As an aspiring writer I was even more fascinated and impressed that he had survived the Cornell MFA program and written what he had wanted to write rather than compromising or appealing to the “literary canon” aka dead, white men whose words were taken as law or better yet as scripture.

However after reading a Q&A where he discussed his new book, The Brief and Wonderous Life of Oscar Wao, (a Pulitzer Prize winning work which I loved and highly recommend) I was left wondering how aware he was of the many sides to the Latino college experienced actually existed or if he even cared?

Diaz, like a percent of my contemporaries, immigrated to the U.S. as a child and experienced the poverty, the bullshit and the realities of urban life as a poor person of color in this country. When asked about his experiences at his undergrad alma mater, Rutgers, he responded: “You’ve got to understand, just so that we’re clear…I worked through college…for me college wasn’t just somewhere I showed up and daddy just sent a check.”

Excuse me? Just so that I’M clear I take issue with his statement. The problem you ask? There are a number of us whose parent(s), from every strata of the middle class spectrum, “sent a check.” And guess what? It still wasn’t enough to cover the cost and expense of sending a child to an institution of higher learning. In my situation specifically, I had every form of financial aid known to man: grants, loans, work-study, a required student contribution.

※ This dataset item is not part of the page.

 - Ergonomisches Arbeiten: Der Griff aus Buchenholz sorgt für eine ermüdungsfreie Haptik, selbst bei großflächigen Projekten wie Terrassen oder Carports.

Oh yeah, AND my folks pooled together a sizeable chunk of their monthly income to cover my tuition/expenses. Not something you expect from a kid who grew up in the ‘burbs and in a house her parents owned now is it?

My own education was nearly a dream deferred because of its cost. My parents, aware that I was aiming high (private and Ivy League schools dominated my college choices), gently cajoled me to attend my town’s local community college rather than the schools on my list. Why? So that they could actually afford to send their daughter to college rather than just talk about it. Thanks to my own tenacity, I wasn’t willing to set aside a four year experience that I knew would change my life. I insisted that I would take on whatever financial debt necessary to accomplish my goal of getting a college degree from the school of my choice.

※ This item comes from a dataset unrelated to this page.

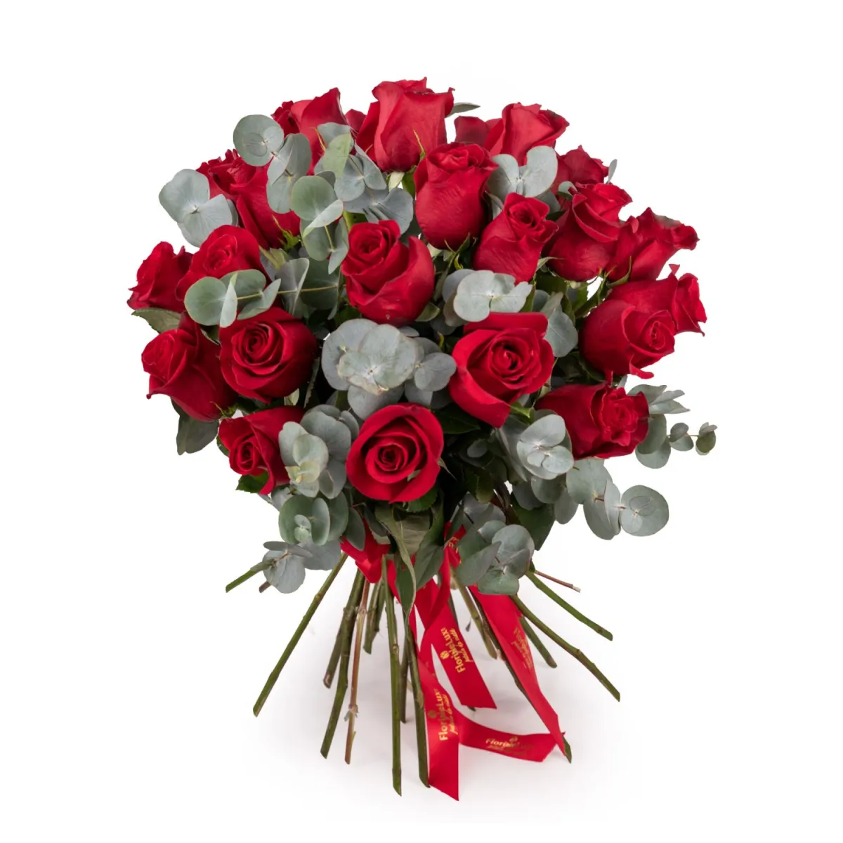 Trandafiri rosii pierduti in eucalypt este buchetul care iti demonstreaza ca la FlorideLux gasesti cadouri simple, dar care prin maiestria lor, culorile purtate sau parfumul dominant pe care il detin reusesc sa isi lase amprenta pe retina si sufletul tau. Trandafirul este floarea perfecta in orice combinatie ai alege-o.

So the presumption that those of us whose parents did make a economic contribution to their education were somehow not working or busting ass to pay for a degree that we would continue paying for long after the diploma was hung on our walls or that we took it completely for granted and didn’t appreciate the sacrifice behind our presence on those campuses, is not just factually incorrect, it’s deluded and insulting.

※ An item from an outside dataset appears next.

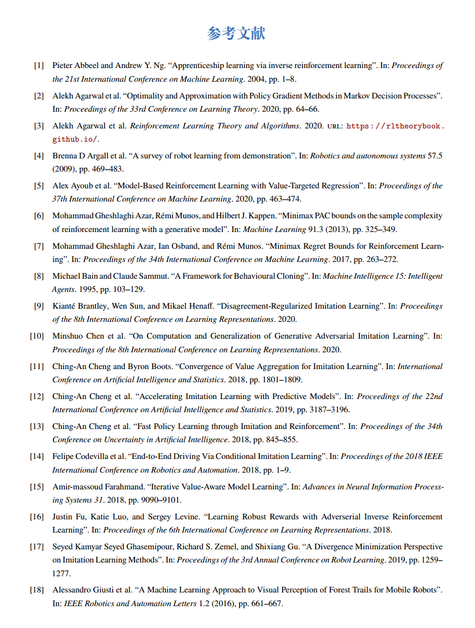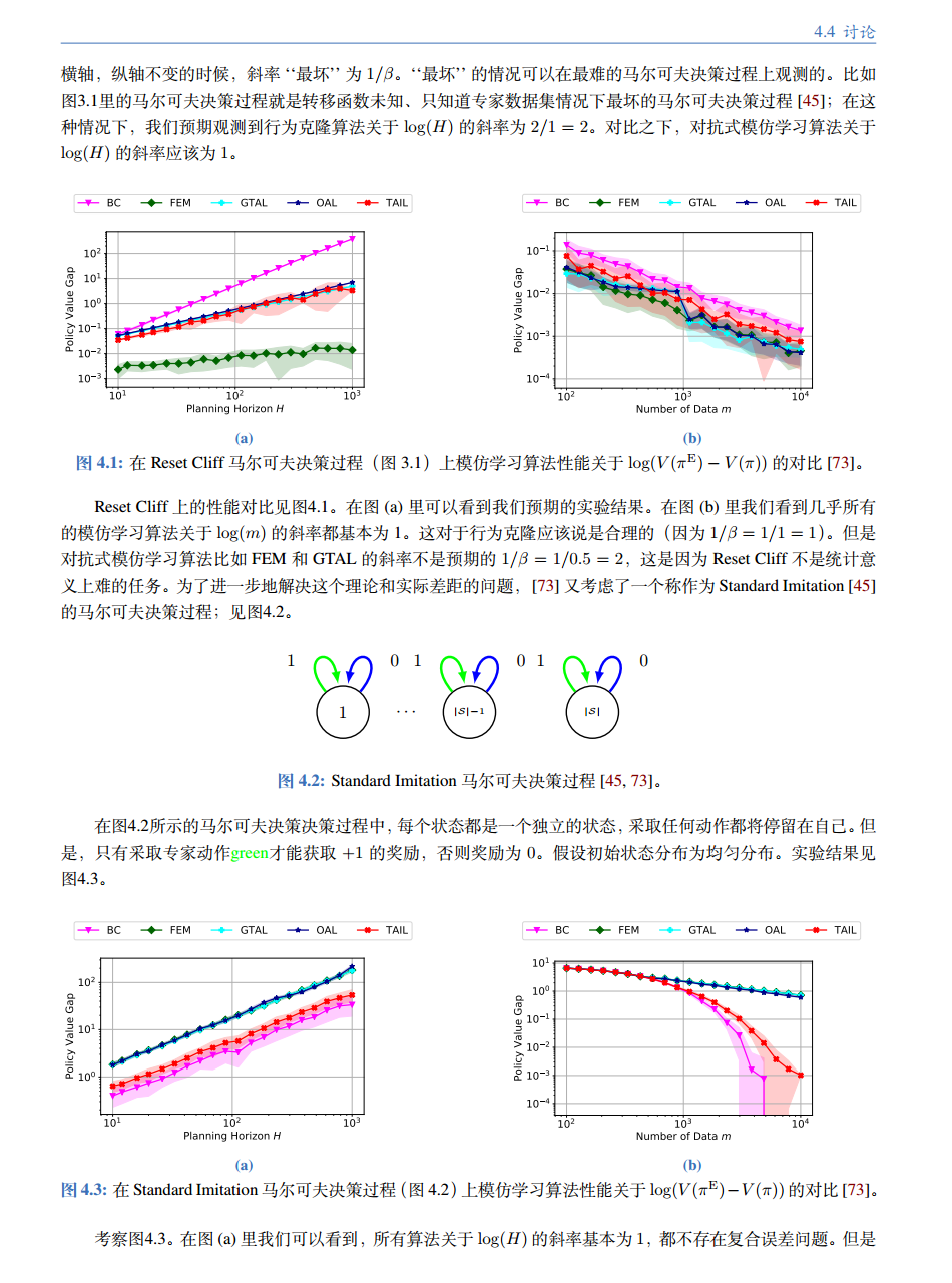 模仿学习,是一种从专家示例中进行学习的方法。这里专家示例指的是由最优(或者次优)策略采集到的状态-动作序列,智能体便是通过模仿专家示例来学习策略。模仿学习主要包含两大类算法框架:行为克隆和对抗式模仿学习。基于这两种算法框架,研究者们提出了各种各样的模仿学习算法,在实验中取得了很好的效果。尽管已经有很多对模仿学习算法的实验研究,关于模仿学习算法的理论分析直到最近才被逐步建立和完善。这些理论结果很好地解释了算法的实验现象,并且对今后的算法设计也有启发。

I had a number of friends who despite being “middle class” still struggled to stay in school for financial reasons. The reason? Typically, after students have finished their first year and reapply for aid for subsequent years, their total package is lowered. The hefty financial aid awards they were initially offered are instead diverted and used as a carrot to entice prospective freshman to attend. I remember one friend who after three years discovered her aid had been slashed in half. She took a job as a resident assistant to get free housing and a meal plan. This was just a year shy of graduating. Other people I knew saw their financial awards plummet by a substantial percent year after year, forcing them to get creative with how they did or didn’t spend the money they did or didn’t have: borrowing books instead of buying them, recycling notebooks, applying for food stamps, taking campus jobs during the summer to defer their expected student contribution for the year, etc. Or of course (the devil itself) putting expenses on their credit cards. [SIDENOTE: Whose idea was it to give a 17 or 18 year old a line of credit when they are just learning how to use a bank account? Horrible.] And yes, these were all kids whose parents “sent a check.”

Here’s a concept that Mr. Diaz may be unfamiliar with, not for his own fault but simply being unaware, lots of middle class kids struggle the same as those from poorer backgrounds. It may not be the same kind of struggle, but it doesn’t devalue their experience or mitigate its reality. So the next time you think someone is just “getting by” or “chillin’” or has it “easy” because their parents help them, stop to think about what their parents help means to their entire family and what’s being sacrificed elsewhere so that they can sit where they’re sitting.